"If I won the lottery, I would hire David Attenborough to narrate my life for a day."
(Please, some of my fellow geeks, tell me you know who that is. Planet Earth is like the coolest documentary series EVER.)
My mind seems to be working in point form these days. My tendencies towards rumination aren't exactly my best hidden trait-- most of what is running through my mind these days is "How am I moving in a week? And how many boxes can this pedestrian wonder and transit queen reasonably carry from a store at once?" Unfortunately, while there are numerous sources of boxes to be scavenged in the city, my wee little arms can only haul so many at once, so I am still woefully under-boxed.
For those inquiring minds, the Duke and I are moving in together (or taking the cohabitation plunge, as I dubbed it previously). We've found a lovely apartment in one of those three story walk-up buildings that looks like a box on the outside, and has horrendous purple carpeting in the hallways and stairwell, but is surprisingly fantastic in the suite. He is now seeing me in my full neurotic glory, as I query about how many bowls he has, and what we should name our future fish (we decided to go with classic theorists in our disciplines, meaning one will be named Sigmund).
Anyways, if you haven't figured out already, a moving Princess = very bad blogging Princess (it's science, dammit!). However, I am trying to pull out at least a few random thoughts, in an exceedingly stilted manner...
- Best drinking game ever? Drinking every time a hockey announcer uses a double entendre to describe the ongoing game. For instance, today "squirting" was the descriptive term of choice whenever the puck was deflected, and the puck apparently "rimmed" the boards.

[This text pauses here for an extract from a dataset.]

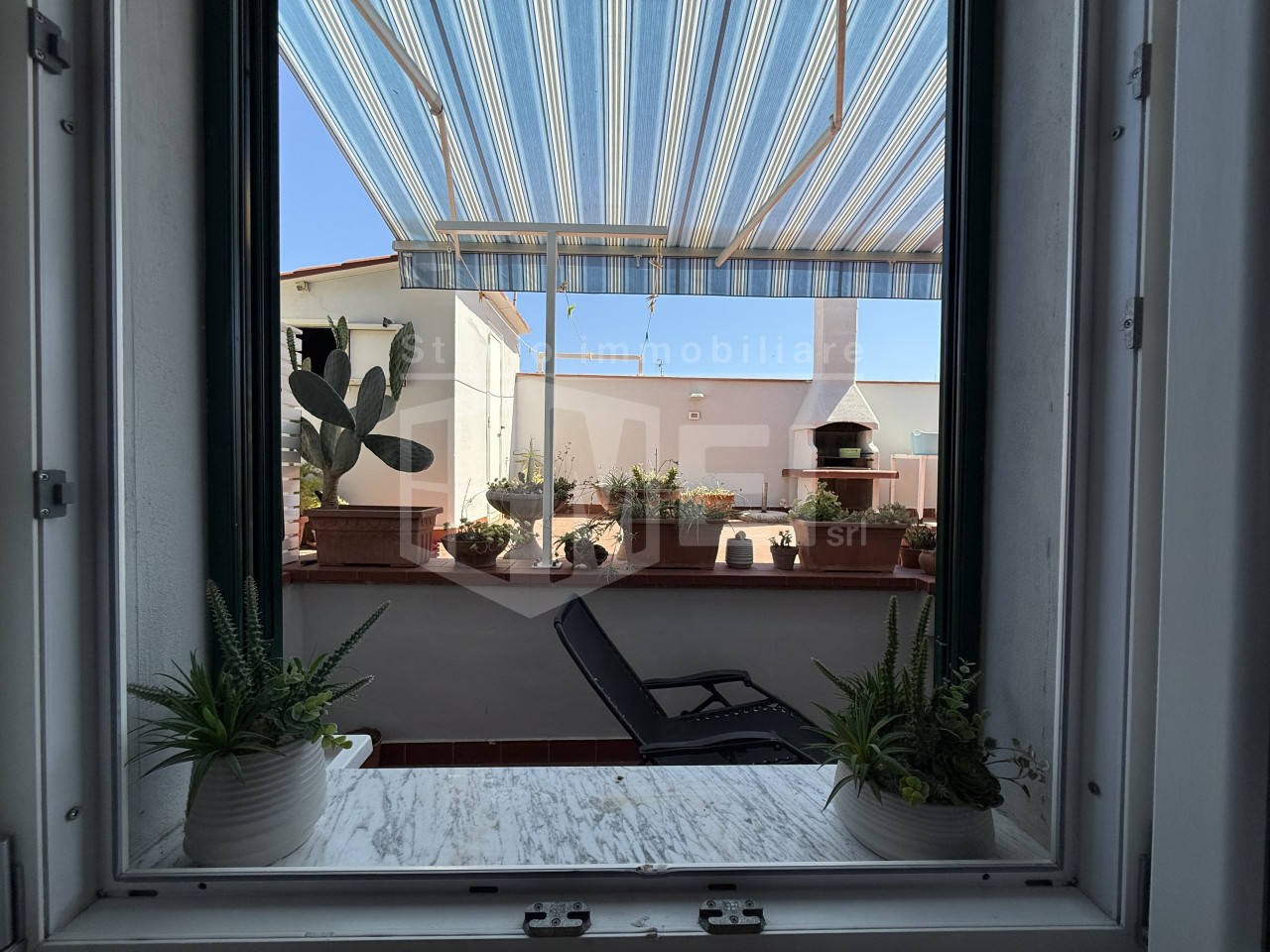 L’abitazione principale si sviluppa interamente al piano terreno, caratterizzata da spazi comodi e ben distribuiti. L’ingresso si apre su un ampio salone doppio con affaccio su balcone vista mare, ideale per godersi il panorama e i tramonti. La cucina, luminosa e ben organizzata, ha accesso diretto a una terrazza privata di circa 50 mq: uno spazio riservato, perfetto per pranzi all’aperto e momenti di relax. La zona notte comprende due camere da letto e un bagno finestrato.
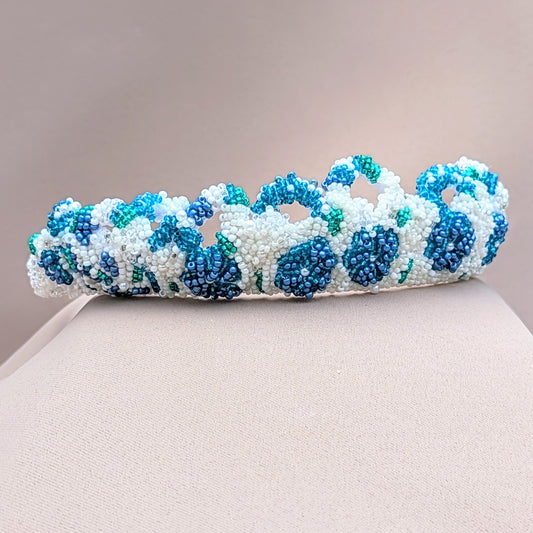 Ocean Inspired Blue & White Floral Bridal Tiara with Matching Earrings

- A friend of mine has a bit of a camping phobia. As such, in a move an exposure therapist would be proud of, she decided to prepare herself for an upcoming summer festival by setting up a tent in the middle of her living room. I arrived to find her and another friend drinking in the tent, with all her furniture piled in a corner, with the window open to simulate the cold, a lamp overhanging the tent to simulate the moon, and fake palm fronds on top to simulate cedar trees.
- It's intriguing how archived text messages provide such an interesting snapshot of a person's life. As I was packing, I found my old cell phone, which had around 150 text messages stored from a year and a half ago. It was like a weird one-sided time capsule.

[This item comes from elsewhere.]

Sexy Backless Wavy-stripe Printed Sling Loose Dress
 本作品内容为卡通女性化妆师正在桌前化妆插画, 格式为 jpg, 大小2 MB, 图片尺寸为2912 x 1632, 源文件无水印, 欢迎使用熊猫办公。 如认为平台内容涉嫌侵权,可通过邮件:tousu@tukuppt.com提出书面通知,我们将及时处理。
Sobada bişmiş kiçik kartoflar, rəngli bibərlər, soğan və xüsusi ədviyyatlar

- Frosty floats from Wendy's are nowhere near as delicious as you'd expect.
- Am I one of the only women on the planet who is comfortable with my boyfriend having female friends? I'm beginning to get suspicious, as whenever I make coffee plans with a male friend (who I've known on very platonic terms for 6 years now), it seems like something comes up with his new wife that prevents our meeting. I still haven't determined if this is coincidence or deliberate-- but we have another scheduled meeting on Tuesday night, so I guess time will tell....
- And disturbing pop culture news of the week? A new book entitled My Beautiful Mommy. Not beautiful on her own, mind you-- this book is intended to help children come to terms with their mother having plastic surgery. In some ways, I guess I can understand the need, as it has to be scary for a child to see their mother covered in bandages, yet not explicitly harmed. However, even more aversive than the simple fact that there is a sufficient need for such a book is the fact that it has a happy ending in which everyone celebrates because "Mommy is even more beautiful!"
- An excerpt: "You see, as I got older, my body stretched and I couldn't fit into my clothes anymore. Dr. Michael is going to help fix that and make me feel better." (Ironically, Mommy appears to be wearing a crop top in even her hideous pre-surgery state.)
- What they forgot to say: "Because there really is no other way to make me feel better about myself than Dr. Michael's solution. And you know mommy is too busy to exercise. At least it isn't like back in grandma's day, when you were stuck as ugly forever and ever!"